The Douchobortzi


The religious ferment of South Russia was due to some special causes,

its provinces having served since the seventeenth century as lands of

exile for revolutionaries of all kinds, religious, political and

social. Dangerous criminals were also sent there, and a population of

this nature naturally received with open arms all who preached

rebellion against established principles and doctrines.



About the yea
1750, a Prussian non-commissioned officer, expatriated

on account of his revolutionary ideas, appeared in the neighbourhood of

Kharkov. He taught the equality of man and the uselessness of public

authority, and was the real founder of the _douchobortzi_, who believed

in direct communion with the divinity by aid of the spirit which dwells

in all men. The sparks scattered by this unknown vagabond flared up

some time later into a conflagration which swept away artisans,

peasants and priests, and embraced whole towns and villages.



The beliefs of the sect were that the material world is merely a prison

for our souls, and that our passions carry in themselves the germs of

our punishments. Nothing is more to be decried than the desire for

worldly honour and glory. Did not Our Lord Himself say that He was not

of this world? Emperors and kings reign only over the wicked and

sinful, for honest men, like the _douchobortzi_, have nothing to do

with their laws or their authority. War is contrary to the will of

God. Christ having declared that we are all brothers and sisters, the

words "father" and "mother" are illogical, and opposed to His

teachings. There is only one Father, the Father in Heaven, and

children should call their parents by their Christian names.



Except for these leading tenets, their doctrine was variable, and they

not only gave rise to about a hundred other sects, but were themselves

in a continual state of evolution and change. At one time it was their

custom to put to death all children who were diseased in mind or body.

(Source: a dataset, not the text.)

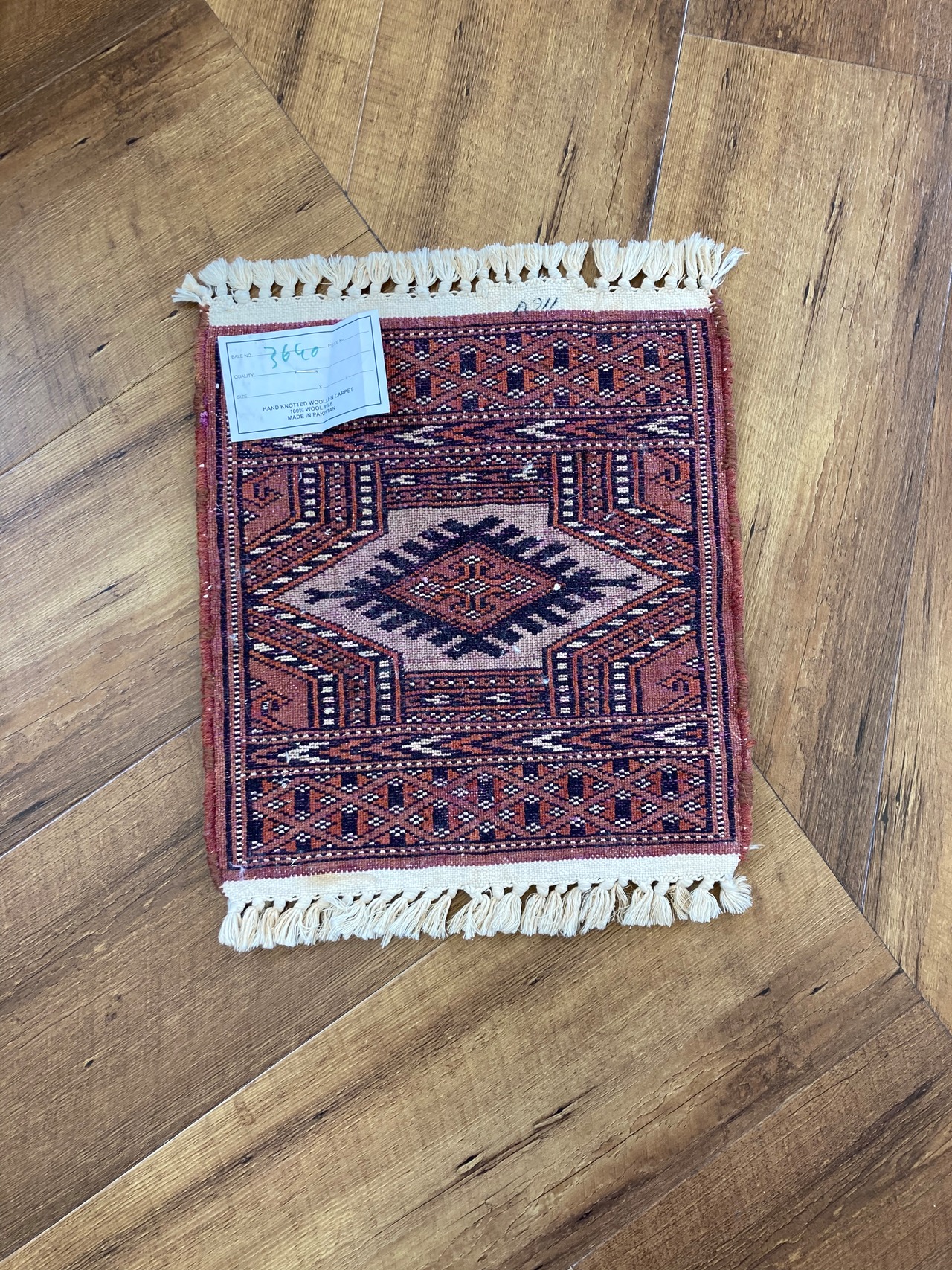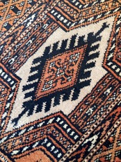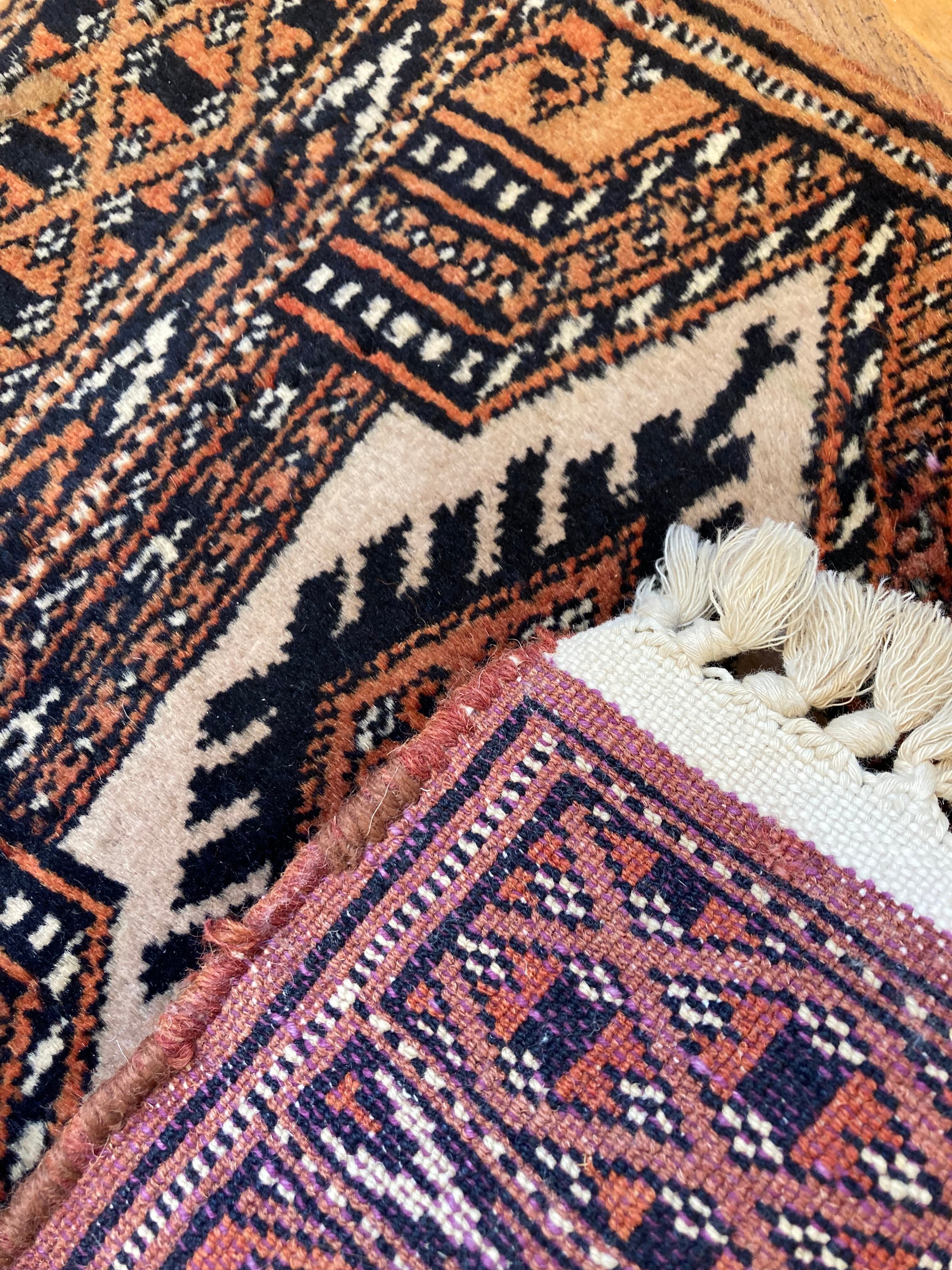 オレンジ・茶系の細かい模様が映えるミニラグです*

As God dwells in us, they said, we cannot condemn Him to inhabit a body

that is diseased. One leader of the sect believed himself to be the

judge of the universe, and terrorised his co-religionists. Another

ordered all who betrayed the doctrines of the sect to be buried alive,

and legal proceedings which were taken against him and lasted several

years showed him to be responsible for twenty-one "religious murders."